FFC focus on health spend3 min read . Updated: 17 Sep 2020, 06:39 AM IST
The report, to be submitted in Oct, may provide a fiscal cushion to account for the turn of events following covid-19
The 15th Finance Commission (FFC) will propose reprioritizing expenditure to try and make good the historical shortfall in spending on health by both the centre and states.
It will also recommend deepening the structural reforms undertaken in the economy.
While remaining committed to fiscal rectitude, the FFC’s final report, to be submitted next month, is also likely to provide a fiscal cushion to account for the turn of events following the covid-19 pandemic.
In an interview ahead of the final recommendations, FFC chairman N.K. Singh said the pandemic will define the “uniqueness" of this Commission.
“Each FC is unique in its own way. This FC’s uniqueness will be how we reasonably address the issue of the pandemic," Singh said.
Pandemic-induced lockdowns have forced disruption in supply chains leading to an unprecedented contraction in global economic growth. The degree of contraction has varied across countries, with India registering a 24% contraction in the first quarter.
“Clearly, there is huge uncertainty and huge vulnerabilities. Uncertainty in the sense that we do not know the path of the pandemic; we do not know when it will end, in what manner and what are the other consequences it will leave behind. The fiscal pressures in dealing with issues of livelihood are a totally new factor the Commission has had to deal with," Singh said.
According to Singh, one challenge has been to make good India’s historical shortfall in spending on health. The FFC has for the first time devoted an entire chapter on health, he said, and it will endorse spending at the level of 2.5% of GDP as envisaged in the 2017 health policy.
“The pandemic has highlighted the historical neglect of the health sector," he added.
Singh did not disclose whether the FFC will tie this spending to specific health objectives or merely provide markers. “It is an era of hybrids," he said.
The issue is potentially sensitive as states may object to guidelines on spending. The FFC has already had to deal with the contentious issue of the population after its terms of reference required it to ignore the accepted norm of using data from the Census in 1971 and instead adopt the one undertaken in 2011.
The Commission will submit by end October its recommendations on how central taxes should be distributed among Centre and states for the period of five years from FY22 to FY26. It has already submitted its first report for FY21, which has largely been accepted by the government.
As Singh pointed out, the huge uncertainty about growth revival even as the economy is projected to contract by double digits in FY21 has made the task of the Commission all the more challenging.

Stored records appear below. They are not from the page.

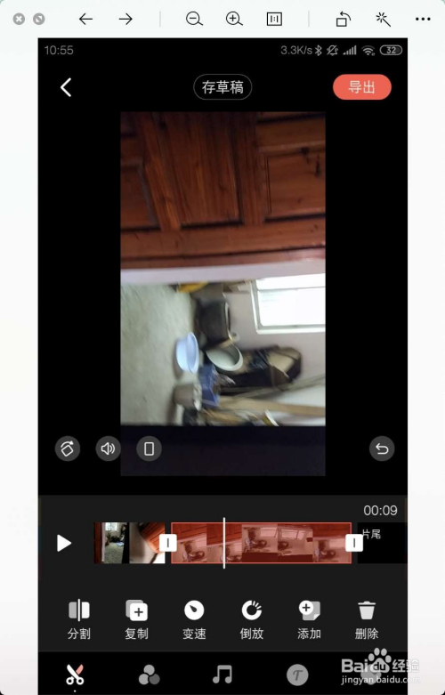 点击完当作,然后移动时候轴,点击朋分,把素材视频朋分为小段,不需要的片段删除。剩下需要的。
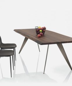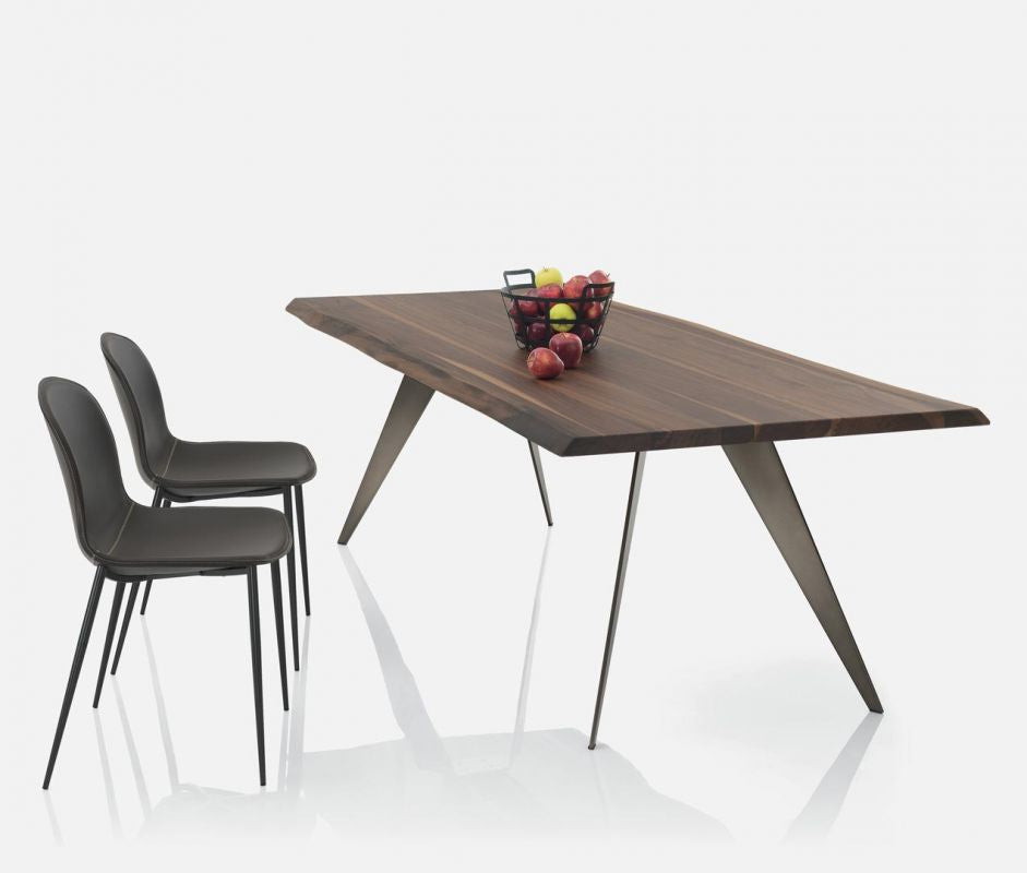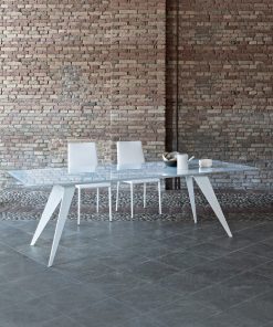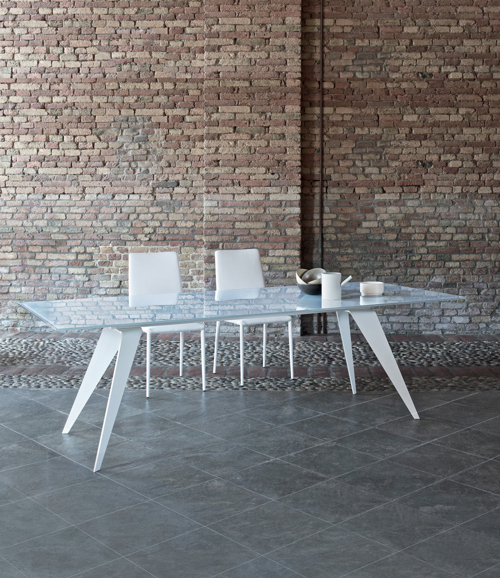 Il tavolo moderno Ramos si riconosce per le gambe oblique dalla forma triangolare e che terminano a punta, delineando una struttura orginale e d’avanguardia, interamente realizzata in acciaio.
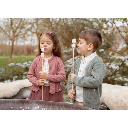 Laat je kleintje in stijl de deur uitgaan met dit warme, gebreide vestje in een prachtige bosgroene kleur.
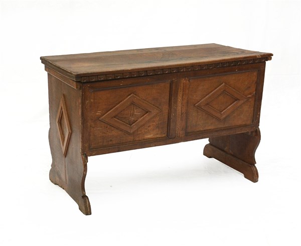 Madia con piano apribile e fronte decorato a motivi geometrici, gambe sagomate (cm 120x77x60) (difetti)
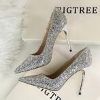 ハイヒール9.5cm★パーティ結婚式 特殊PU素材 全8色 22-25cm BT002
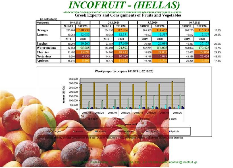 Οι εξαγωγές ροδακίνων είναι μειωμένες κατά -20,% σε 37.173.έναντι 46.453 τόνους με την εμπορεύσιμη παραγωγή στα ίδια με πέρσυ επίπεδα και την ποιότητα και τιμές σε ικανοποιητικά επίπεδα Επισημαίνεται ότι θα πρέπει να μελετηθούν προληπτικά μέτρα για αντιμετώπιση παρόμοιων φαινομένων με τα καρπούζια στις όψιμες ποικιλίες Επίσης οι εξαγωγές των νεκταρινιών παρουσιάζουν ζήτηση και η εμφανιζόμενη μείωση οφείλεται σε οψίψηση της συγκομιδής Οι εξαγωγές των βερικόκκων -17,3% σε 16.808.έναντι 20.336 τόνους , λόγω μειωμένης παραγωγής

According to him, the Commission does not have the advantage of projecting the same rate of growth and tax buoyancy for the full five years as GDP growth may see a “huge rebound" next year in FY22, a slowdown in FY23 and then an acceleration again FY24 onwards.

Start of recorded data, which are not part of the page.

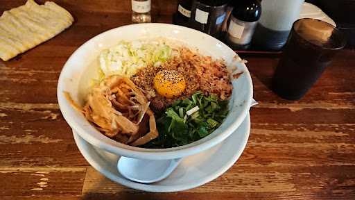 香辛料はわずかに胡椒が香る程度、オリーブオイルが加えられているとのことですが油はさほど感じません。生卵のコクがいい仕事 麺はつけ麺と同じ中太平打ち、コシと弾力が好み。粉の風味はちょっと遠め 塩気もちょうど良く、そのままでもご飯と一緒でも食べれます 突出した何かがある訳ではなくパンチは弱いのですが、それだけに安心する美味しさです お昼に伺ったのでご飯が無料、麺と一緒に一杯、残った具材で一杯いただきました 昼営業の終わり間近だったのでお釜のご飯が少なく、乾き気味の固さでしたがギュムギュムな歯応えがかえって私好みでした
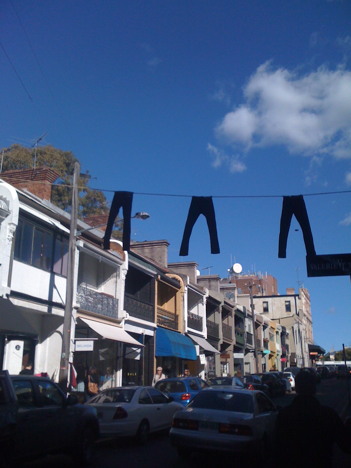 When I have spare time, I often go for a wander down William Street, Paddington in Sydney. Located off the main Oxford Street drag it is home to quaint jewellery and lingerie boutiques and is a renowned treasure trove for lovers of overseas designers such as Marni and DVF. It is also home to my beloved Sami and Sita whilst Collette Dinnigan, Ginger and Smart, Tigerlily, the Corner Shop and another love of mine, Di Nuovo also call this street its home. On one end it’s manned by Paddington Inn and located at the other end is the great people watcher cafe/deli Alimentari. Walking on William Street today, I looked up and noticed something new. With the street’s overhead electric wire resembling more a clothes line in someone’s back yard, Nudie jeans were hanging up to dry directly above the store. I loved its randomness and subtle yet brash branding. A tiny Sydney street suddenly turned into a tourist attraction and I noticed a couple of Japanese tourists clicking away on their digital SLRs at this abstract view on such a usually eloquent street. Love Sydney at this moment!
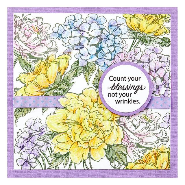 Stampendous Floral Garden Cling Rubber Stamp Set is a stunning floral design covers the entire cling rubber stamp surface. Fun to use watercolors or markers to color the full blooms! Designer’s Tips Per ottenere i migliori risultati, si consiglia uno strumento/piattaforma di stampaggio. Suggerimenti del designer: assicurarsi di inchiostrare bene l'intera immagine prima di timbrare. Il set di timbri in gomma Stampendous Floral Garden è uno splendido design floreale copertine tutta la superficie del timbro di gomma aggrapparsi. Divertente da usare acquerelli o pennarelli per colorare i fiori completi! Try It Out Tuesday | Spellbinders – Beautiful Backgrounds Collection Dimensioni approssimative: 14,10 x 14,10 cm
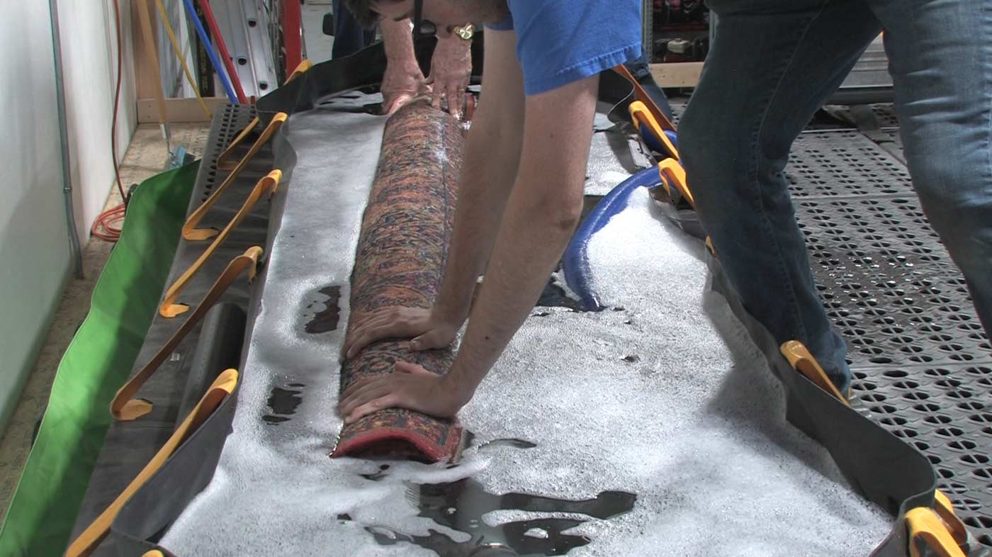 - We finalize this step of the process by flushing the rug at a rate of 80 gallons per minute.

“Also, we could not make one uniform growth assumption for Centre and states. We have to differentiate between fast-growing states and slower-growing states given the different characteristics," he said.
“It does not add up to a happy scenario. It is a bit of a complex dynamics."

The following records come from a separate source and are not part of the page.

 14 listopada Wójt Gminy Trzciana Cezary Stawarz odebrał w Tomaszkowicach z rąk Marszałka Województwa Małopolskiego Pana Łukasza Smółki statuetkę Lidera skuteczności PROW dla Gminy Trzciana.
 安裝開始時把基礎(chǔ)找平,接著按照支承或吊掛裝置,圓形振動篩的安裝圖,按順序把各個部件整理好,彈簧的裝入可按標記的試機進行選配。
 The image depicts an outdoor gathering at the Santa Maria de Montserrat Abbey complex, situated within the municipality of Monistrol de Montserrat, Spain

Singh expects India’s debt-to-GDP ratio to rise from its current level of 85% due to the fiscal pressures brought on by the pandemic.
“The best that we can do in the recalibration of the fiscal consolidation road map is if we can change the direction of the needle. That itself will not be a small achievement," he added.
Singh indicated that the fiscal deficit will be prescribed as a range, instead of a specific target.